Target Milestone:	---
Assigned To:	Orca Maintainers
QA Contact:	Orca Maintainers

URL:
Whiteboard:

Depends on:
Blocks:	404411

Reported:	2007-01-17 21:45 UTC by Rich Burridge
Modified:	2007-02-11 19:55 UTC

See Also:
GNOME target:	---
GNOME version:	---

Attachments
Orca debug output generated whilst reproducing this problem. (282.67 KB, text/plain) 2007-01-17 21:48 UTC, Rich Burridge		Details
New debug.out Orca output whilst crashing with new test case. (14.52 KB, application/x-gzip) 2007-02-05 23:03 UTC, Rich Burridge		Details
Orca debug.out for a "successful" crash recovery of an OOo document after an OOo Writer crash. (290.39 KB, text/plain) 2007-02-06 18:27 UTC, Rich Burridge		Details
Patch that I thought should have worked but didn't. (1.47 KB, patch) 2007-02-07 17:57 UTC, Rich Burridge	none	Details \| Review
Patch version of what I was describing :-) (4.02 KB, patch) 2007-02-07 19:26 UTC, Joanmarie Diggs (IRC: joanie)	none	Details \| Review
Revised patch based on Will's feedback (4.47 KB, patch) 2007-02-08 20:35 UTC, Joanmarie Diggs (IRC: joanie)	committed	Details \| Review
Orca debug output (at INFO level) during a crash of OOo Writer with latest patch applied. (31.51 KB, text/plain) 2007-02-08 23:08 UTC, Rich Burridge		Details

Description Rich Burridge 2007-01-17 21:45:45 UTC

Steps to reproduce:

1/ Start Orca
2/ Start OOo Calc or Writer and force it to crash.
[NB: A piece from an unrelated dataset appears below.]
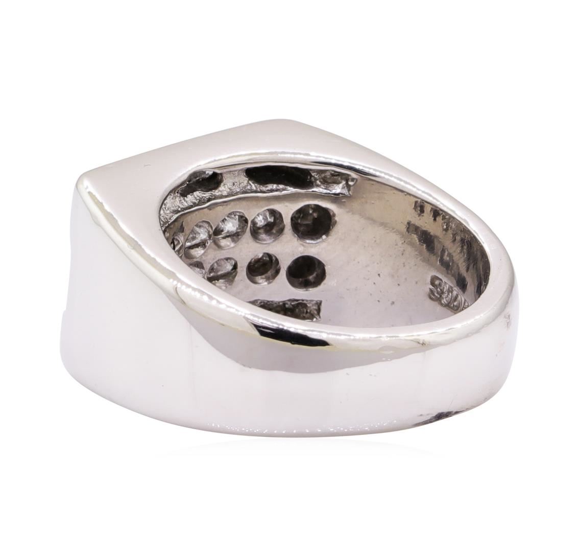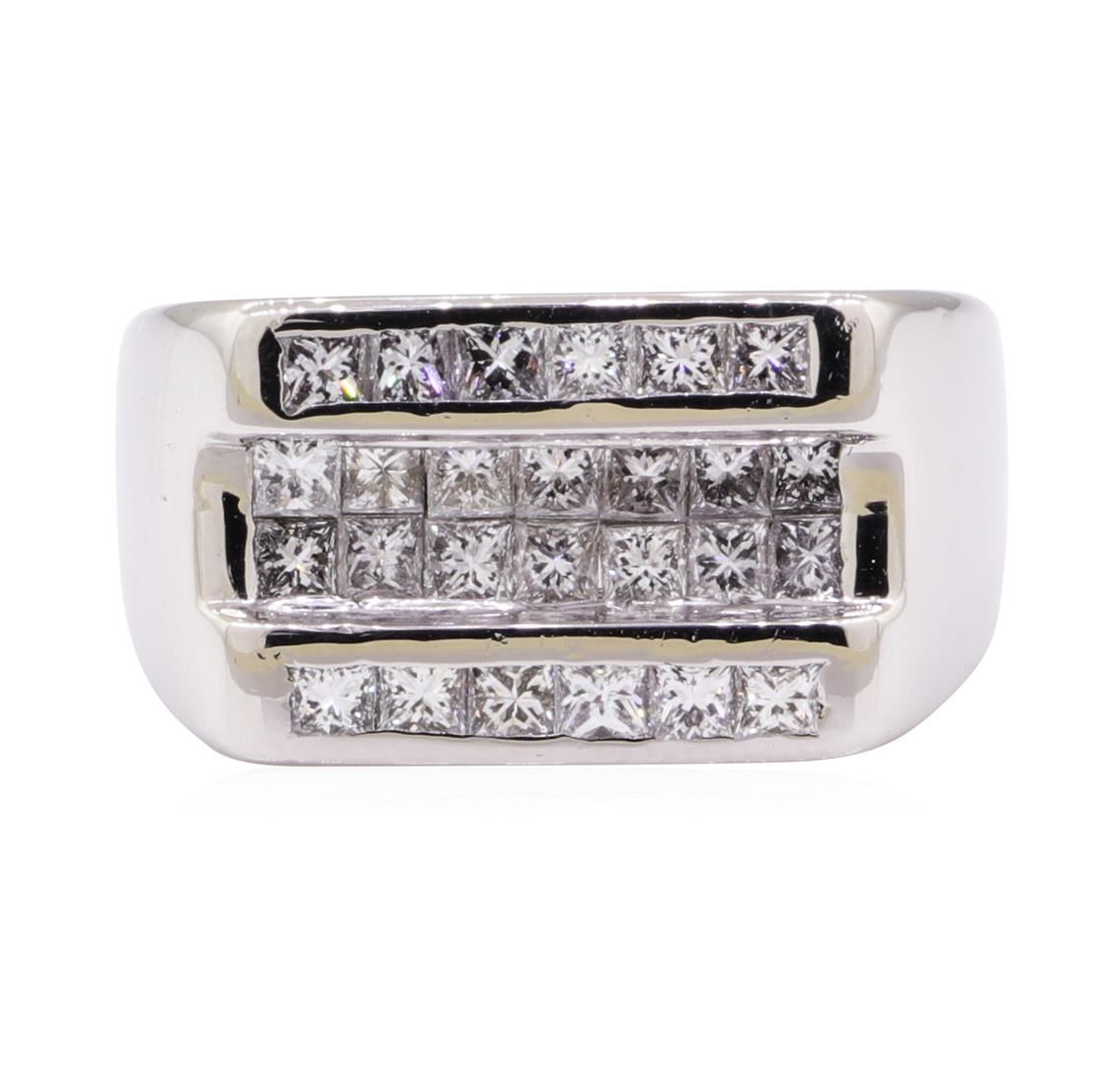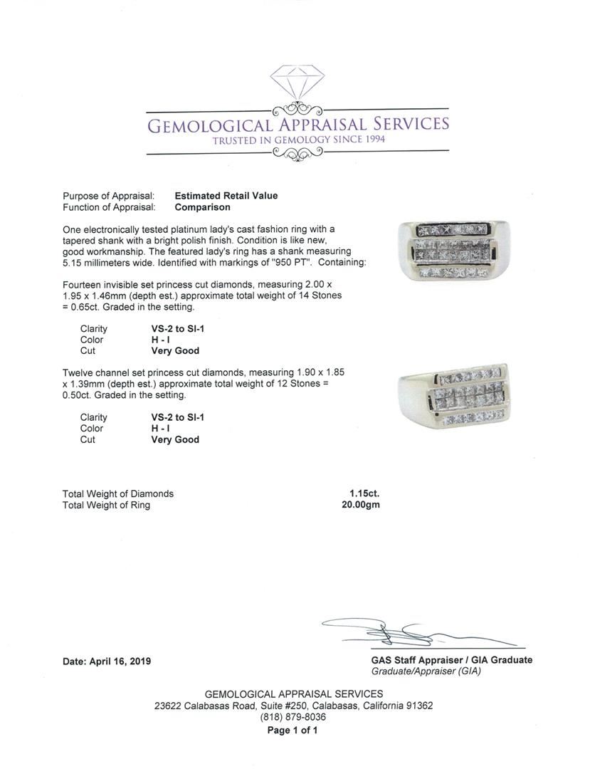 One electronically tested platinum lady's cast fashion ring with a tapered shank with a bright polish finish. The featured lady's ring has a shank measuring 5.15 millimeters wide. Identified with markings of '950 PT'. Condition is like new, good workmanship. Containing: Fourteen invisible set princess cut diamonds, measuring 2.00 x 1.95 x 1.46mm (depth est.) approximate total weight of 14 Stones = 0.65ct. Graded in the setting. Color H - I Clarity VS-2 to SI-1 Cut Very Good Twelve channel set princess cut diamonds, measuring 1.90 x 1.85 x 1.39mm (depth est.) approximate total weight of 12 Stones = 0.50ct. Graded in the setting. Color H - I Clarity VS-2 to SI-1 Cut Very Good. Total Weight of Diamonds 1.15ct.. Total Weight of Ring 20.00gm GAS Appraised at $5160.00. GAS Appraised at $5,160.00.

One way of doing
   this with OOo 2.0 Calc is to type Insert/Caps-Lock-f in a spread
   sheet cell.
3/ The OOo Start Error Recovery dialog comes up. Orca goes silent.
4/ If you hit Return to get it past that first Error recovery frame,
   the subsequent frames seem to be accessible.

Comment 1 Rich Burridge 2007-01-17 21:48:31 UTC

Created attachment 80550 [details]
Orca debug output generated whilst reproducing this problem.

See the start of the COMM FAILURES about line 1415.

This was all done under Ubuntu Edgy with OOo v2.0. If anybody
can think of a reliable way to get OOo v2.1 to go into error
recovery mode, I'll try to reproduce this under Ubuntu Feisty.
I'm pretty sure it'll be something similar.

Comment 2 Joanmarie Diggs (IRC: joanie) 2007-01-17 22:09:28 UTC

Hmmmm.... Do you happen to know if Bill's patch for bug #387960 made it into Feisty yet?  Prior to that patch, the stand-alone script you wrote for that bug would reliably crash OOo Writer 2.1 and send it into recovery mode.  

I'm afraid my laptop is patched and my Feisty desktop is being wiped as we speak.  If you have an Edgy box with OOo 2.1, your stand-alone script can be used to crash it....

Comment 3 Rich Burridge 2007-01-17 22:38:12 UTC

Good suggestion. Looks like it's been fixed though. I just ran the
script on my Feisty machine with OOo v2.1 Writer and it no crashee.

Comment 4 Rich Burridge 2007-02-05 19:42:43 UTC

This one is proving difficult to test as I no longer have a reliable 
way to crash OOo. Joanie, have you seen any new behaviour with the 
early builds of OOo v2.2 that might help here? ...

Comment 5 Joanmarie Diggs (IRC: joanie) 2007-02-05 20:31:46 UTC

Rich, why didn't we think of this sooner?  Go browsing the issues list for crashers.  Here's a nice one:  

http://www.openoffice.org/issues/show_bug.cgi?id=72480

I just downloaded the sample document and followed the instructions, backspacing over the text in the object from the end and sure enough, kablooey!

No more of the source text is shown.